Читаем Терра полностью

Вот, короче, сидели с ним, молчали. О нем бы хорошее чего сказать, а даже дядя Коля не нашелся, только все почесывал себе глаз, делая вид, будто он очень занят.

Отец сидел, сидел, тут ему скучно стало, принялся готовиться к поминкам – то унесет, это принесет, и каждый раз, как мимо деда пройдет, то вилкой его ткнет, то ущипнет, вот на него салфетки положил, банки с майонезом.

Дядя Коля сидел, сидел, мучил глаз свой, а потом вдруг:

– Ну ты больной, что ли, Виталь?

А дед лежал, и непонятно было, как он вообще только сегодня умер. Ногу ему в больнице отхуярили, глаз один не видел уже, зубов ни единого не осталось. Жена его спала за тонкой стеночкой, две слезинки уронила, и все, не ночевала с ним. Ну и правильно в принципе, она-то волчьей породы, иной. Не родня ему, если так подумать, и замуж обманом взял, и жил во лжи. Не по справедливости все – волки этого не ценят.

Ну вот, значит, смотрел отец на дядю Колю долго-долго, а потом сказал, но не брату, а деду:

– Все, вышло время твое.

– Бред не неси, Виталик.

– Нет, ну а что? Ты мне скажи, любил его? Чего, не мечтал, что ли, чтобы сдох?

– Ну мертвый же уже, тебе что еще надо?

– Свезло ему, что меня тут не было, когда болел он. Я б ему и живому земли поесть дал.

Сказал и ложкой деда по носу стукнул.

– Что ж ты за человек-то такой, ну отвяжись уже.

– А он чего не отвязался? Чего, ты мне скажи, он тебе хорошего сделал, чем заслужил, чтобы ты его хоть мертвого в покое оставил?

Дядя Коля думал, думал, а потом взял да и сказал:

– Не, Виталь, ну это как-то мелко. Взял бы тогда и башку ему отрезал. Если ты такой мстительный.

Так они смеялись, смеялись, а дед желтый лежал, с приоткрытым ртом, и за окном – по-сибирски темно.

А назавтра деду и голову откорнали, и все остальное, съели всего, остались зубы с костями.

Такой был человек мой отец, а кто выбирает, у кого родиться?

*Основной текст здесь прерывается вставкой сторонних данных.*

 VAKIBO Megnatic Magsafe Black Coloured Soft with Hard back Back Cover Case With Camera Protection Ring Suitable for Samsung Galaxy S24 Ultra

Кому какая доля, это на сердце, на лбу каждому надо выбить. Я к нему привык, я его любил как есть, но, надо думать, тогда в канализации я в первый и, может быть, в последний раз увидел совсем другого отца.

Нет, ну сначала я вообще ничего не видел. Первые дни мне не запомнились, какое-то вечное марево, огромная температура, все задыхаешься и задыхаешься, впадаешь в беспамятство, глаза слезятся, и внутри что-то по костям ходит – огромное такое.

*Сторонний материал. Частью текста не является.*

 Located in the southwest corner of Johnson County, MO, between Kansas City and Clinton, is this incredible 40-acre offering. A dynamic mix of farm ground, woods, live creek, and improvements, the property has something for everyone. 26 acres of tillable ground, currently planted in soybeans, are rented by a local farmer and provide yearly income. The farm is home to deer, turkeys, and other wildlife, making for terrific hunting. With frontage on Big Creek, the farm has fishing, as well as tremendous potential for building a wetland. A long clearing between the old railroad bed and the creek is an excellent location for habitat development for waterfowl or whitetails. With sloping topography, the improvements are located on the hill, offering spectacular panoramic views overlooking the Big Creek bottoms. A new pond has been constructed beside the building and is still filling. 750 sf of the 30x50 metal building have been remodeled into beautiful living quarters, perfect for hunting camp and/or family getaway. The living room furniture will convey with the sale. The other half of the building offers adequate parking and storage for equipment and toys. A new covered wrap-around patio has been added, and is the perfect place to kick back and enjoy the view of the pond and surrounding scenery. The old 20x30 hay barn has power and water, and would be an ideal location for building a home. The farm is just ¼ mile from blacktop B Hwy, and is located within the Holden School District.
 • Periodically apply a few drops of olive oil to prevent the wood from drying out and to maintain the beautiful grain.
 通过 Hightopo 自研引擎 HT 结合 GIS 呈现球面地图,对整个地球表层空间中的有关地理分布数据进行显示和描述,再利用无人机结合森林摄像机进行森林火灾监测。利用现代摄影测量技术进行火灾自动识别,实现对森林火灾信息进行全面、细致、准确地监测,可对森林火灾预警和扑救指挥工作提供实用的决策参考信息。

Про себя ничего не помнил, что со мной было, как оно там, снаружи меня. Бред какой-то со мной остался от тех дней. Жуткое, нервозное было чувство, будто куда-то спешу и не попадаю никуда, надо идти, бежать надо, а я все лежу. Весь горел, пот градом тек, поэтому казалось, будто я в каком-то приморском городке вроде Коктебеля, о котором мне столько мама рассказывала. Лежу, значит, в комнате с белыми занавесками, с вечно светлеющим от полудня окном.

Потом неожиданно бросало в холод, и я уже не вспоминал ни про какие приморские города, не поверил бы даже, что они на свете есть.

Тогда мне думалось про «Ежика в тумане», ну про тот серый мультик, и не то я сам был ежиком, не то ребеночком, на ежика смотревшим, но тот туман меня до костей продирал, до самых странных вопросов. Кто была та лошадь, светящаяся и призрачная, и почему она молчала? Как это так, что в лесу половина зверей разумна, а другая – нет? О любви все или о смерти вообще? Почему сова ежика только пугала, почему не хотела съесть, да и сова ли это вообще. Папка с мамкой, они любили «Твин Пикс», частенько мне говорили, что совы не то, чем кажутся. Может, и в моем кошмаре все так было. Может, не сова это вовсе, а что тогда?

А щука-то почему говорит? Немая же рыба. И откуда там такой туман вообще-то, почему тот мир такой хрупкий и в нем так тревожно меняются очертания?

Ну и как она там, в тумане? Это, конечно, тоже.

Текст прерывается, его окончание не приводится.